[Opening EXERCISE INPUTS section]

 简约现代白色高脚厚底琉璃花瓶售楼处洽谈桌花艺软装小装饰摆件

[Closing EXERCISE INPUTS section]
[Opening EXERCISE INPUTS section]

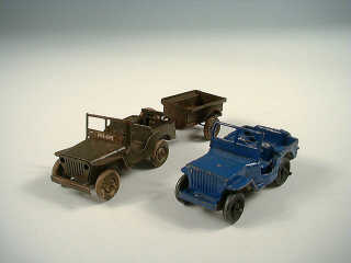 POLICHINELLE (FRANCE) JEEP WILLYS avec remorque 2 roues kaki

[Closing EXERCISE INPUTS section]
[Opening EXERCISE INPUTS section]

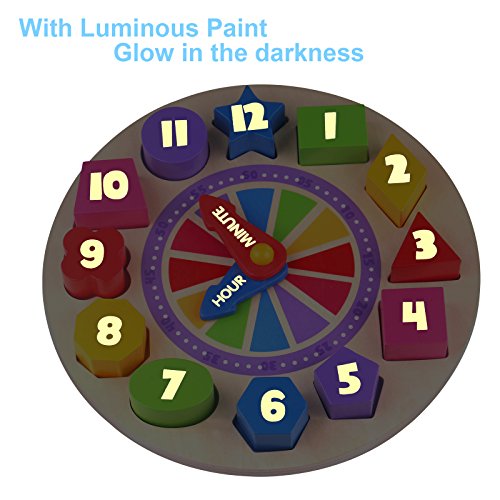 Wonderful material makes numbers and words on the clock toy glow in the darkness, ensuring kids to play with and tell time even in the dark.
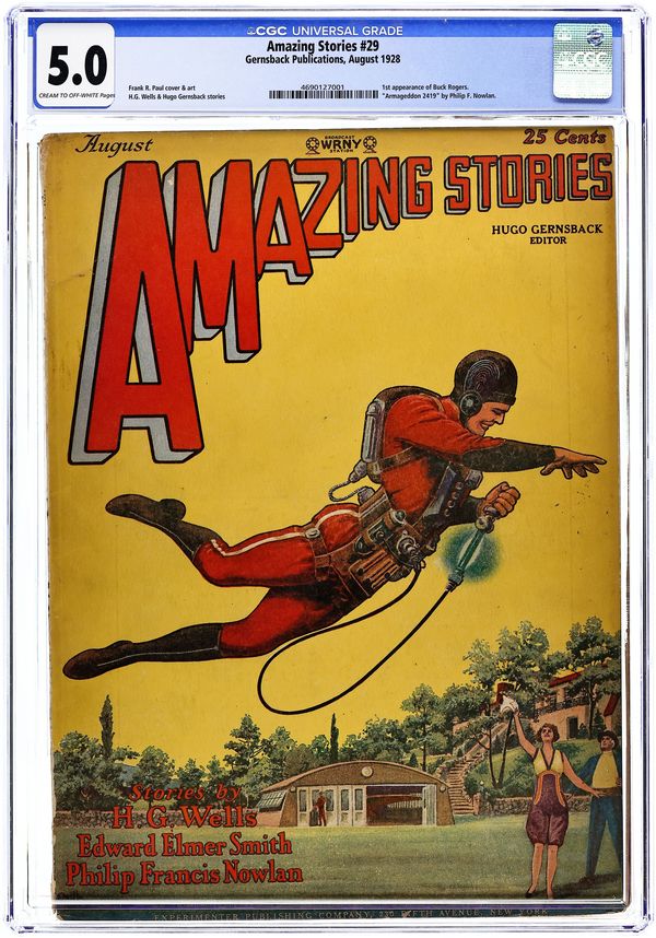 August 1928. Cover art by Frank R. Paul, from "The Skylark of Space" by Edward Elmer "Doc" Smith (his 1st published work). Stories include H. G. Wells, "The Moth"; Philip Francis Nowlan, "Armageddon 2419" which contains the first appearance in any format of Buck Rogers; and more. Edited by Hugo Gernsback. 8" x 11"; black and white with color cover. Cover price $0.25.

[Closing EXERCISE INPUTS section]

Copy only the lines above from the one containing "Wonderful material makes" through the one containing "August 1928. Cover", both included. Leave out the pictures.

 Wonderful material makes numbers and words on the clock toy glow in the darkness, ensuring kids to play with and tell time even in the dark.
 August 1928. Cover art by Frank R. Paul, from "The Skylark of Space" by Edward Elmer "Doc" Smith (his 1st published work). Stories include H. G. Wells, "The Moth"; Philip Francis Nowlan, "Armageddon 2419" which contains the first appearance in any format of Buck Rogers; and more. Edited by Hugo Gernsback. 8" x 11"; black and white with color cover. Cover price $0.25.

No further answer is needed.